• **Work request**:
What should come back is the data below, word for word, minus any picture.

• **Collected material**:
--------------------------------------------------

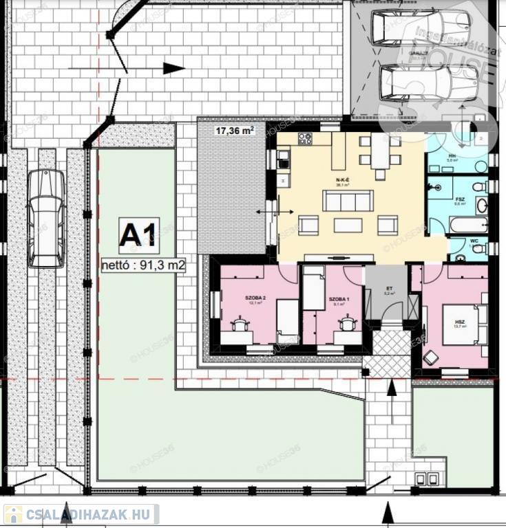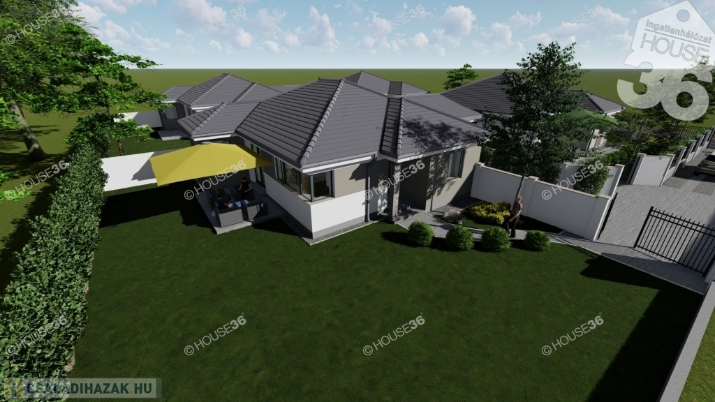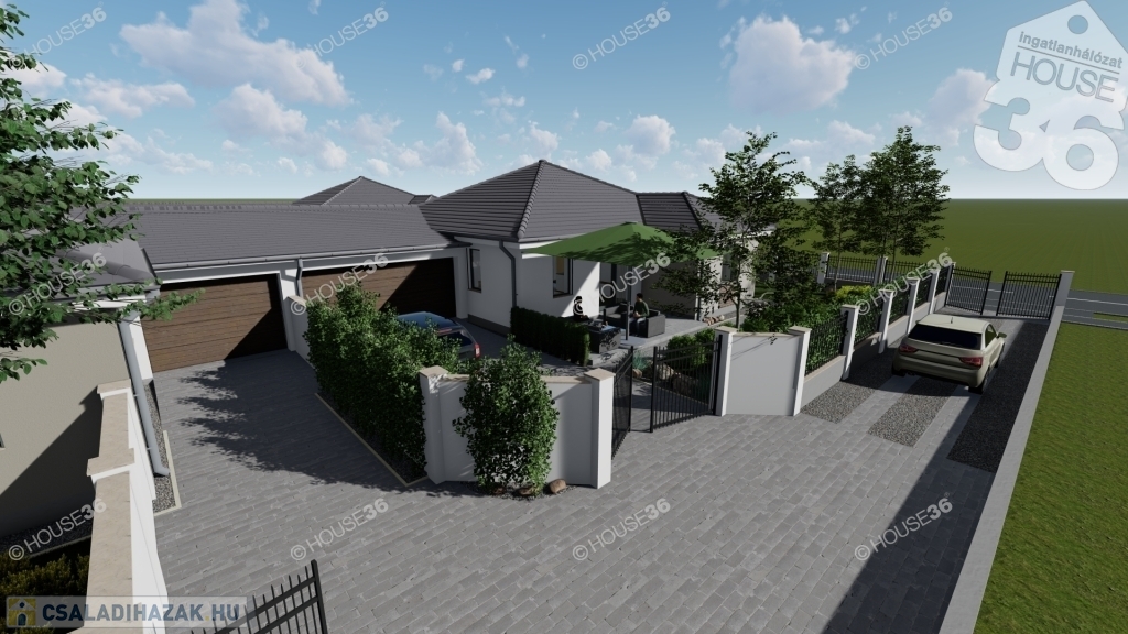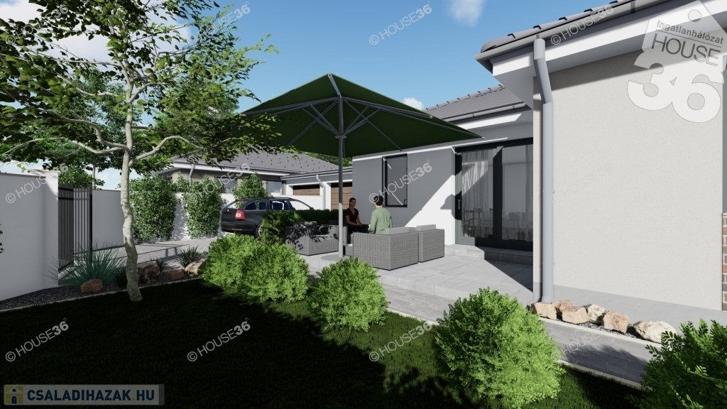 Az összközműves, betonos utcában található 520 m2-es telekre egy 91 m2-es prémium minőségű 1 szintes házat terveztek.
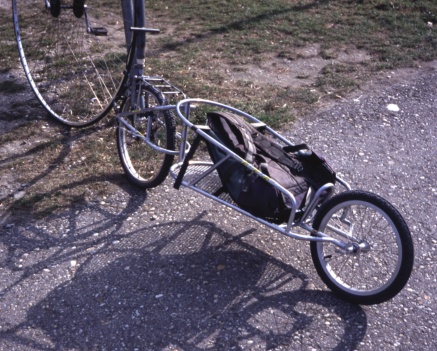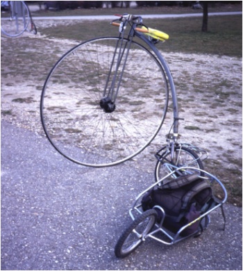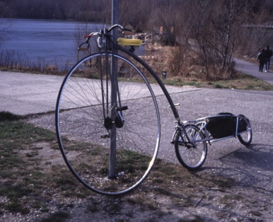 Der besondere Gag! Dieses Hochrad braucht nicht angelehnt zu werden. Der einspurige Anhänger dient gleichzeitig als Hochrad-ständer!
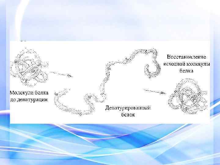 Денатурация. Резкое изменение условий, например, нагревание или обработка белка кислотой или щёлочью приводит к потере четвертичной, третичной и вторичной структур белка, называемой денатурацией. Самый известный случай денатурации белка в быту — это приготовление куриного яйца ОБРАТИМАЯ Если сохранена первичная структура НЕОБРАТИМАЯ Если первичная Структура разрушена

--------------------------------------------------

• **Exercise output**:
 Az összközműves, betonos utcában található 520 m2-es telekre egy 91 m2-es prémium minőségű 1 szintes házat terveztek.
 Der besondere Gag! Dieses Hochrad braucht nicht angelehnt zu werden. Der einspurige Anhänger dient gleichzeitig als Hochrad-ständer!
 Денатурация. Резкое изменение условий, например, нагревание или обработка белка кислотой или щёлочью приводит к потере четвертичной, третичной и вторичной структур белка, называемой денатурацией. Самый известный случай денатурации белка в быту — это приготовление куриного яйца ОБРАТИМАЯ Если сохранена первичная структура НЕОБРАТИМАЯ Если первичная Структура разрушена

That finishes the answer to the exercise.